Earlier in the month, two former Prime Ministers were taken into custody. Moussa Mara was arrested on charges of "undermining the credibility of the state"; Choguel Maiga (dismissed in 2024 for his criticism of the military regime) and several of his colleagues were arrested on August 12 for the "misappropriation of public funds."

The alleged coup is believed by outside observers to be tied to an internal power struggle within the military junta. Experts believe that a schism between Goïta and Defense Minister Sadio Camara over future elections influenced the arrests. Reportedly, the majority of those arrested were members of the National Guard, within which Camara had a strong base of support. Opposition to Goïta has been growing since 2024, with multiple key figures in the junta shifting/consolidating their support to/behind Camara. Several officials aligned with the Defense Minister were removed from their posts that year; Camara was largely cut off from the leadership's communications channels thereafter, prior to his assassination in 2026.

== Implications ==
The protests may signal a wider shift in public attitudes towards the Goïta regime. Prominent activists and resistance figures have claimed this marks a return by Mali to the era of dictatorship under Moussa Traoré. Organizational watchdogs have noted that many Malians remain committed to civil resistance in the event that the regime attempted to seize power indefinitely. Other observers have noted that the patterns of public resistance noted in and precedent set by the brutality of the July 2020 protests indicates the potential for broader violence, though this will depend on the scale of the protest movement's reach. The current administration has also shown a willingness to violate the civil liberties and, often, human rights of civilians, as evidenced by the alleged deliberate mass killings of more than 30 people by Wagner and Malian forces loyal to Goïta in 2024.

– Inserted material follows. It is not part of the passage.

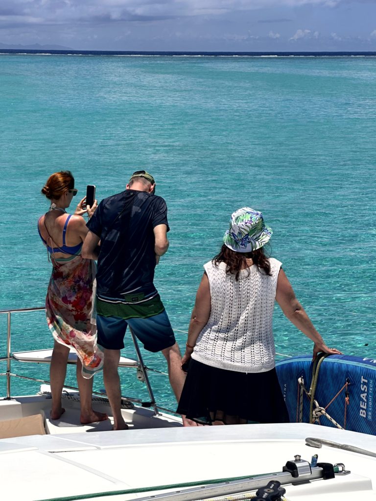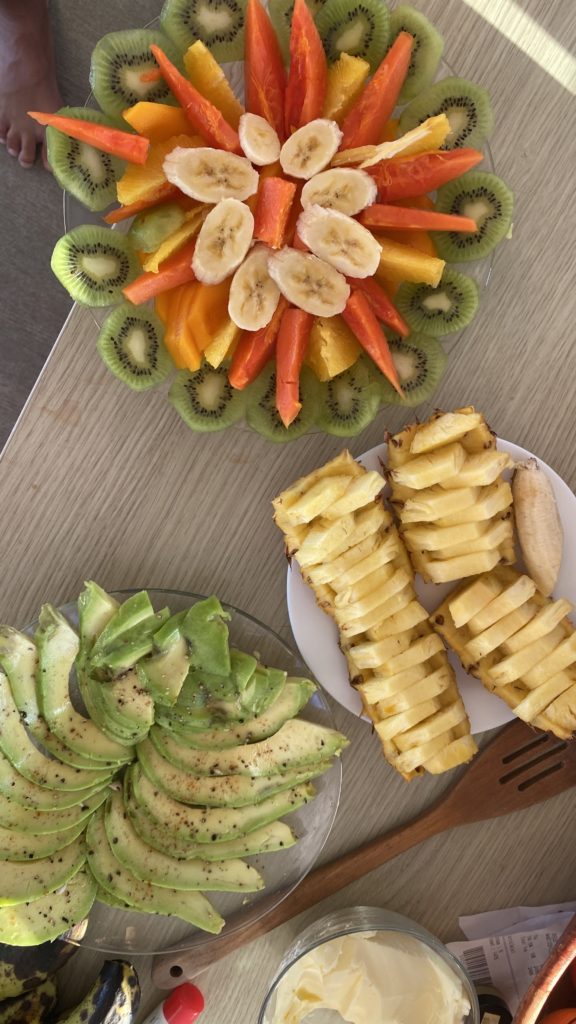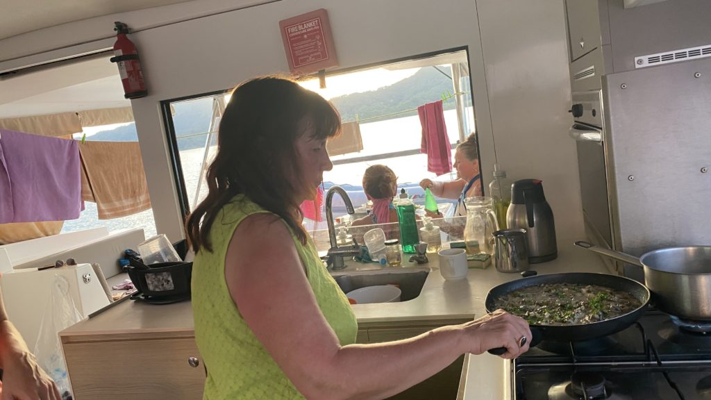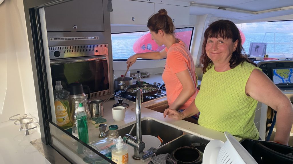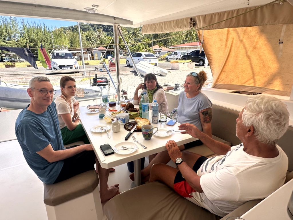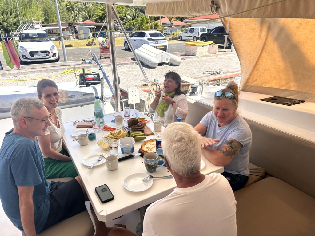 Um elf kam dann schon ein fröhliches Hallo an Deck. Melanie war die erste, die wir leider noch ein bisschen vertrösten mussten. Danach kam Walde und um 14.00 Uhr wie ausgemacht Helene und Sylvia. Bis dahin waren wir auch fertig. Ich holte noch ein paar Früchte, ein Baguette und eine Avocado aus der Stadt für den ersten Hunger. Dann gab’s Kaffee und Kuchen und Snacks zur Begrüßung. Jeder erzählte ein bisschen von sich. Anschließend ging Martin die Einkaufsliste durch und wir schwärmten alle aus zum Großeinkauf.

A historical pattern of violence against civilian populations outside of major population centers, particularly the Fulani and Dogon peoples, indicates the potential for broader violence against opponents of the regime. Regardless, the tightening of political and administrative restrictions in the country is said by experts to be felt most acutely by groups far from the country's political center.

Despite the rigid enforcement by security forces of measures enacted by the regime, there are signs that the regime is losing ground in its efforts to stabilize the country. The crackdown occurs amid an already worsening security situation in Mali, as attacks by Jihadist militant groups have increased across nearly all of its regions over the past several years, particularly in the country's north.